The Final
- Location: Wembley, London, England
- Venue: Wembley Stadium
- Associated album: The Final
- Date: 28 June 1986; 39 years ago
- Duration: six hours
- Guests: Elton John; Simon Le Bon;
- Attendance: 72,000

Wham! concert chronology
- Whamamerica! (1985); The Final (1986); ;
George Michael concert chronology
| Whamamerica! (1985) | The Final (1986) | The Faith Tour (1988–89) |

= The Final (concert) =

1986 concert by Wham!

The Final was the farewell concert by English pop duo Wham!. It was held at Wembley Stadium, London on Saturday 28 June 1986. A total of 72,000 people attended the event, which included support artists and special guests, such as Elton John and Simon Le Bon.
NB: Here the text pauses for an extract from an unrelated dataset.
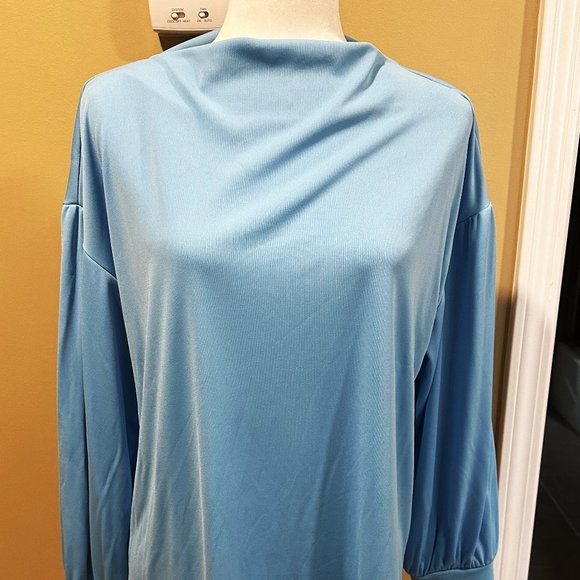 Alfani Cornflower Blue Long Sleeve Loose Bantu Neck Blouse SZ Large

The concert was preceded by the release of the greatest hits album of the same name.

==Background==
Wham! had announced their breakup in 1986. On 1 March Michael was a guest on the talk show Aspel & Company, where he announced that Wham! were to break up and were to perform one last show.

During production rehearsals for the Wembley concert, Wham! performed two warm-up shows in aid of Capital Radio's "Help a London Child" charity on 23 and 24 June at the Brixton Academy in London.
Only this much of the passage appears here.